2.2 Logistic Regression

In [13]:
# TF IDF로 간단한 Logistic Regression Fit하기.
clf = LogisticRegression(C=1.0)
clf.fit(xtrain_tfv, ytrain)
predictions = clf.predict_proba(xvalid_tfv)

print("logloss: %0.3f " %multiclass_logloss(yvalid, predictions))
 
logloss: 0.572 
 
c:\users\hanbit\appdata\local\programs\python\python37\lib\site-packages\sklearn\linear_model\_logistic.py:764: ConvergenceWarning: lbfgs failed to converge (status=1):
STOP: TOTAL NO. of ITERATIONS REACHED LIMIT.

Increase the number of iterations (max_iter) or scale the data as shown in:
    https://scikit-learn.org/stable/modules/preprocessing.html
Please also refer to the documentation for alternative solver options:
    https://scikit-learn.org/stable/modules/linear_model.html#logistic-regression
  extra_warning_msg=_LOGISTIC_SOLVER_CONVERGENCE_MSG)
 

우리는 multiclass logloss로 0.572의 손실을 얻었다.

2.3 counter 변수 사용. 

  • 더 좋은 점수를 얻기 위해 다른 데이터로 동일한 모델을 적용해본다.
  • TF-IDF를 사용하기 전에, 우리는 feature로써 word count를 사용할 수 있다.
  • 이것은 scikit-learn의 CountVectorizer로 쉽게 사용할 수 있다.
In [14]:
# CountVectorizer : 문서 집합에서 단어 토큰을 생성하고 각 단어의 수를 세어 BOW 인코딩 벡터를 만든다.
ctv = CountVectorizer(analyzer='word', token_pattern= r'\w{1,}', ngram_range=(1,3), stop_words='english')
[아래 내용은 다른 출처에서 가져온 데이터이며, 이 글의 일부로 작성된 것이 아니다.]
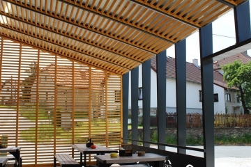 При отеле работает ресторан с достаточно оригинальным интерьером в стиле рустик. Заведение специализируется на блюдах американской кухни, меню еженедельно обновляется в зависимости от сезонности и доступности фермерских продуктов из Пошумавы.
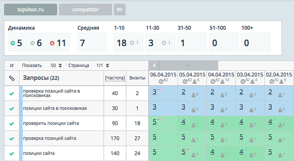 ΠΡ ΠΌΠΎΠΆΠ΅ΡΠ΅ Π΄ΠΎΠ±Π°Π²ΠΈΡΡ ΠΊ ΡΠ²ΠΎΠ΅ΠΌΡ ΡΠ°ΠΉΡΡ ΠΊΠΎΠ½ΠΊΡΡΠ΅Π½ΡΠΎΠ² ΠΈ ΡΡΠ°Π²Π½ΠΈΠ²Π°ΡΡ ΡΡΠΏΠ΅Ρ ΠΈ. Π ΡΠ°Π·Π΄Π΅Π»Π΅ ΠΠΎΠ½ΠΊΡΡΠ΅Π½ΡΡ Π΄ΠΎΠ±Π°Π²ΡΡΠ΅ Π΄ΠΎ ΠΏΡΡΠΈ Π°Π΄ΡΠ΅ΡΠΎΠ² ΡΠ°ΠΉΡΠΎΠ², ΠΊΠΎΡΠΎΡΡΠ΅ Π²Ρ Ρ ΠΎΡΠΈΡΠ΅ Π΄ΠΎΠ±Π°Π²ΠΈΡΡ ΠΊ ΡΡΠ°Π²Π½Π΅Π½ΠΈΡ. ΠΠΈΠΆΠ΅ ΠΏΠΎΡΠ²ΠΈΡΡΡ ΡΠ²ΠΎΠ΄ΠΊΠ° ΠΏΠΎ ΡΡΠ΅Π΄Π½Π΅ΠΉ ΠΏΠΎΠ·ΠΈΡΠΈΠΈ ΠΈ Π³ΡΠ°ΡΠΈΠΊ Ρ Π΄ΠΈΠ½Π°ΠΌΠΈΠΊΠΎΠΉ. ΠΠ°Π²Π΅Π΄ΠΈΡΠ΅ Π½Π° ΡΠΎΡΠΊΡ Π½Π° Π³ΡΠ°ΡΠΈΠΊΠ΅, ΡΡΠΎΠ±Ρ ΡΠ²ΠΈΠ΄Π΅ΡΡ ΡΠΈΡΠ»ΠΎΠ²ΡΠ΅ Π΄Π°Π½Π½ΡΠ΅.

# training, test 데이터셋 모두 fit count vectorizer fit하자.

ctv.fit(list(xtrain) + list(xvalid))
xtrain_ctv = ctv.transform(xtrain)
xvalid_ctv = ctv.transform(xvalid)
In [15]:
clf  = LogisticRegression(C=1.0)
clf.fit(xtrain_ctv,ytrain)
predictions = clf.predict_proba(xvalid_ctv)
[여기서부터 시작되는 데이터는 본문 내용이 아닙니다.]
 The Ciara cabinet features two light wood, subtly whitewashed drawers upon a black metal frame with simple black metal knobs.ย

print("logloss: %0.3f " %multiclass_logloss(yvalid, predictions))
 
logloss: 0.527 
 
c:\users\hanbit\appdata\local\programs\python\python37\lib\site-packages\sklearn\linear_model\_logistic.py:764: ConvergenceWarning: lbfgs failed to converge (status=1):
STOP: TOTAL NO. of ITERATIONS REACHED LIMIT.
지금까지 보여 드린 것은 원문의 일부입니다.